◆ WHAT IS BEING ASKED ◆
Could the entries below be transcribed word for word, with the pictures omitted?

◆ INFORMATION SHOWN ◆
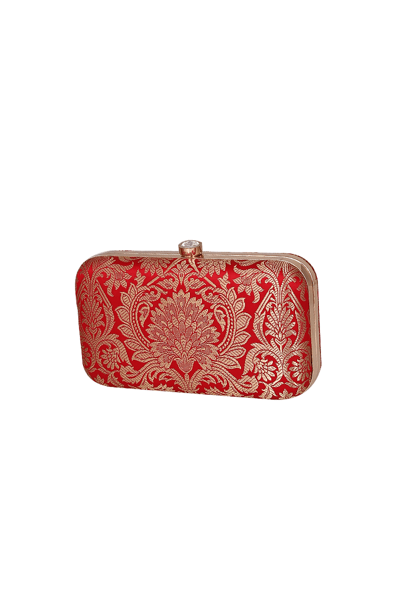 Scarlet Red Brocade Box Clutchwith Sling (8 X 2 X 4.5)
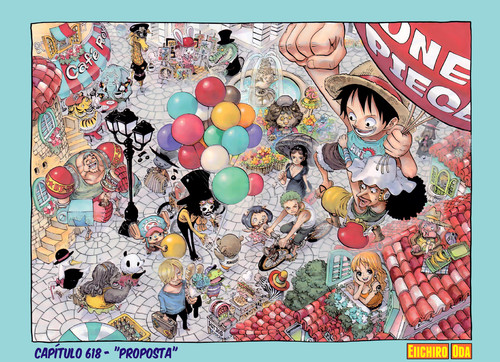 Antes do capítulo esta semana One Piece teve página colorida e como sempre sai uma daquelas páginas coloridas duplas, que na verdade nada tem a ver com a obra, mas pouco importa aos fãs, porque são sempre bem feitas. Esta nem é das melhores, na minha opinião, mas não deixa de ser boa.
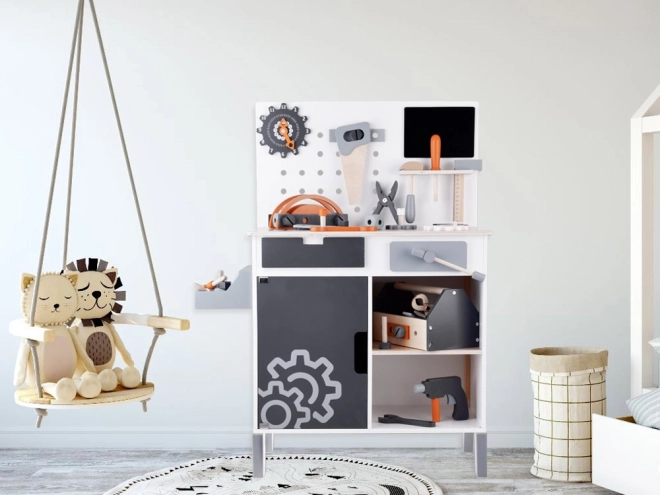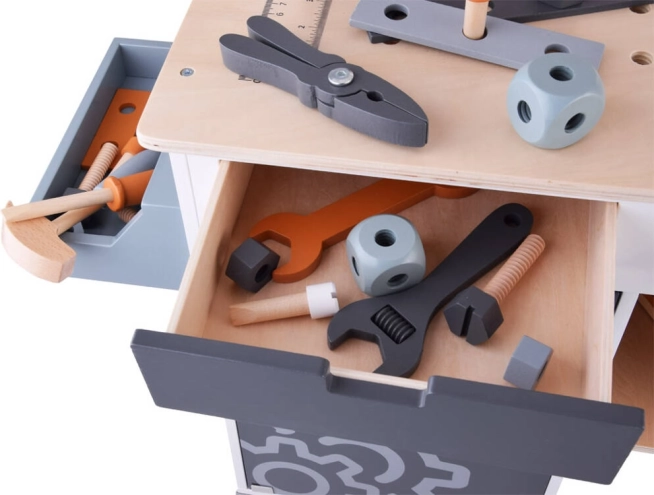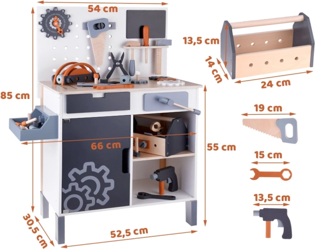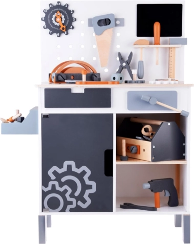 Дървената работна маса за деца е идеалната играчка за развитие на креативността и фината моторика. Благодарение на широката селекция от инструменти като трион, чук, отвертка и много други, децата могат да се потопят в света на „направи си сам“ игрите и симулацията на истинска работна среда.
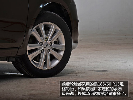 E3明顯是為了搶占合資小型車市場的份額,5.29-6.79萬的售價也不難看出,雪佛蘭賽歐才是它的對手。前后輪胎都采用的是185/60 R15規(guī)格輪胎,如果按照廠家定位的緊湊級來說,換成195寬度就合適很多了。好在厚道的奇瑞給E3配備了全尺寸備胎,規(guī)格還是185/60 R15的佳通的Comfort 228輪胎。
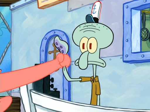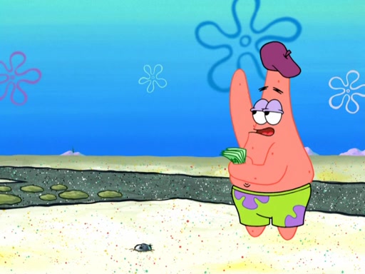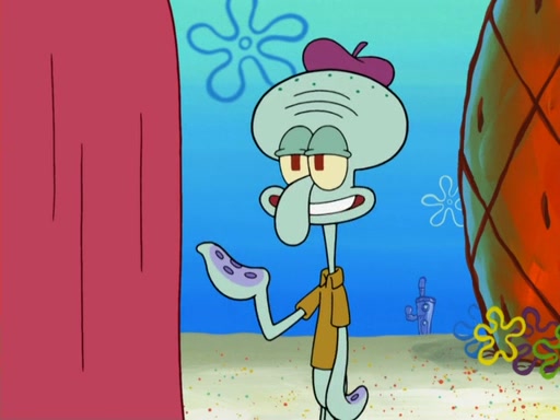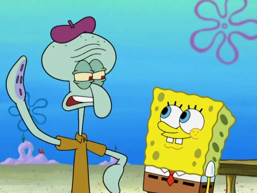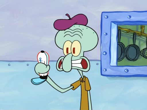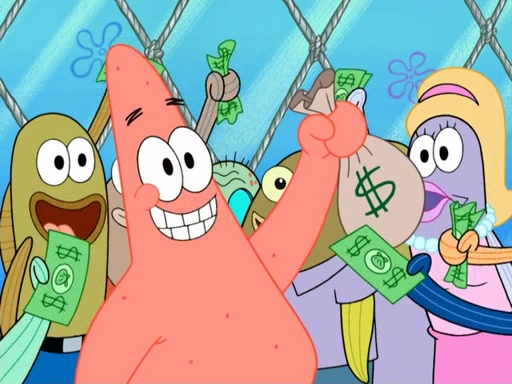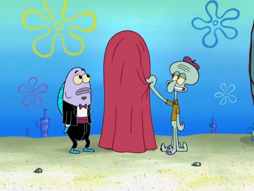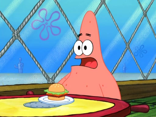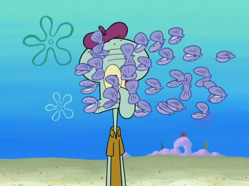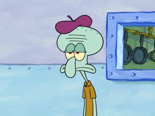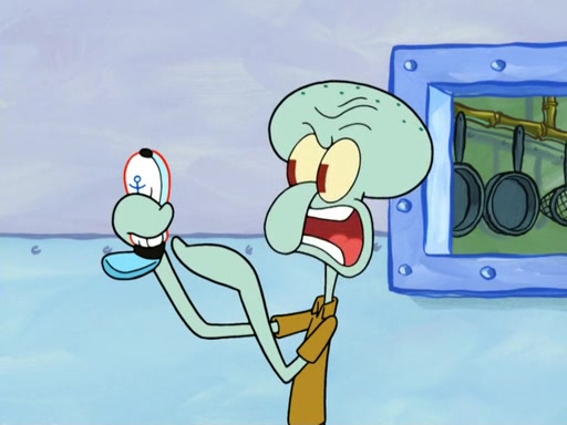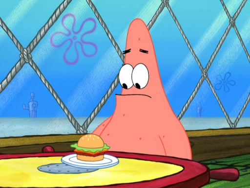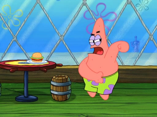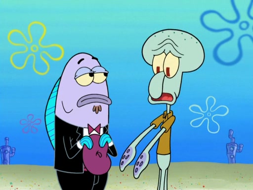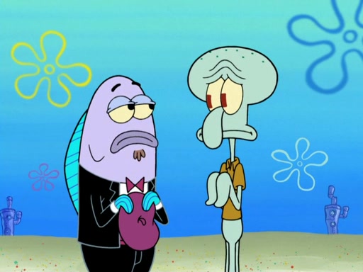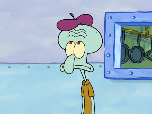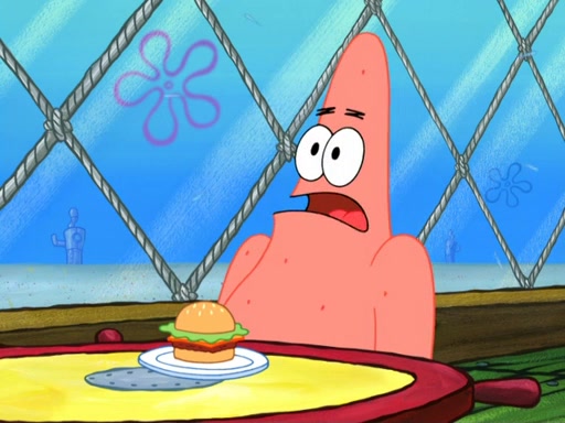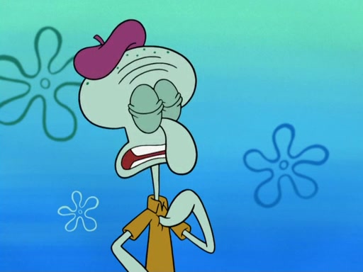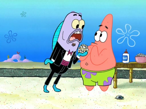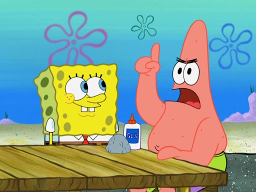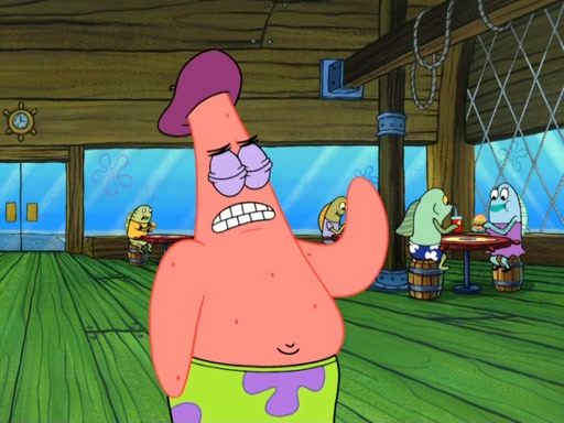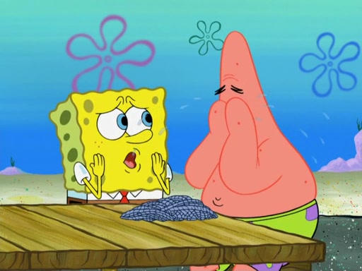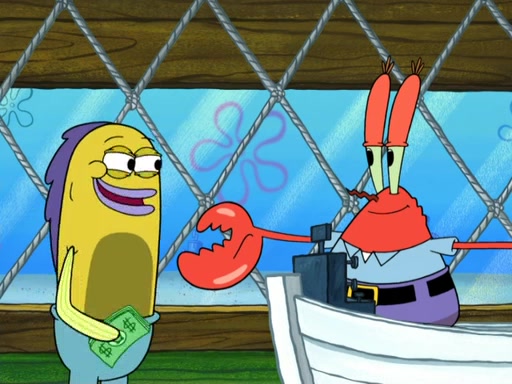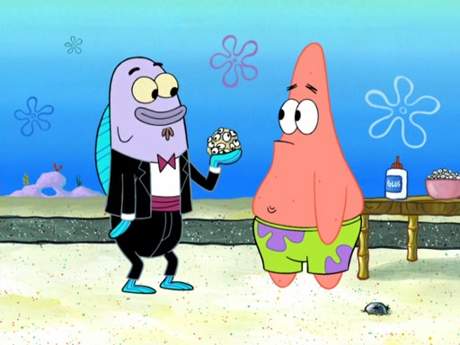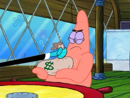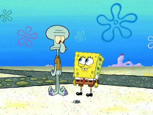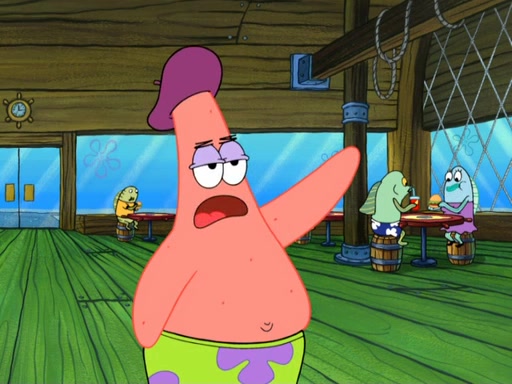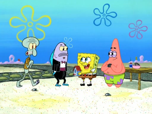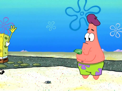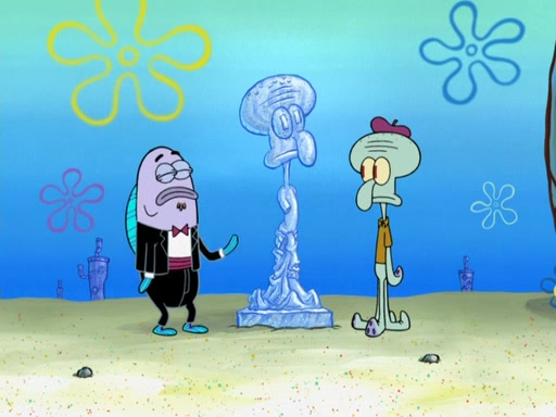 Now, Krabby Patties are sold at $50. The fish who buys the patty said it was not expensive. Then, the fish went to Patrick's stall. Patrick calls his apprentice, which is really Squidward. Squidward puts glue on the fish's patty. Patrick said that Squidward could be an artist one day. Squidward then bursts to tears.

◆ SOLUTION TO THE PROBLEM ◆
 Scarlet Red Brocade Box Clutchwith Sling (8 X 2 X 4.5)
 Antes do capítulo esta semana One Piece teve página colorida e como sempre sai uma daquelas páginas coloridas duplas, que na verdade nada tem a ver com a obra, mas pouco importa aos fãs, porque são sempre bem feitas. Esta nem é das melhores, na minha opinião, mas não deixa de ser boa.
 Дървената работна маса за деца е идеалната играчка за развитие на креативността и фината моторика. Благодарение на широката селекция от инструменти като трион, чук, отвертка и много други, децата могат да се потопят в света на „направи си сам“ игрите и симулацията на истинска работна среда.
 E3明顯是為了搶占合資小型車市場的份額,5.29-6.79萬的售價也不難看出,雪佛蘭賽歐才是它的對手。前后輪胎都采用的是185/60 R15規(guī)格輪胎,如果按照廠家定位的緊湊級來說,換成195寬度就合適很多了。好在厚道的奇瑞給E3配備了全尺寸備胎,規(guī)格還是185/60 R15的佳通的Comfort 228輪胎。
 Now, Krabby Patties are sold at $50. The fish who buys the patty said it was not expensive. Then, the fish went to Patrick's stall. Patrick calls his apprentice, which is really Squidward. Squidward puts glue on the fish's patty. Patrick said that Squidward could be an artist one day. Squidward then bursts to tears.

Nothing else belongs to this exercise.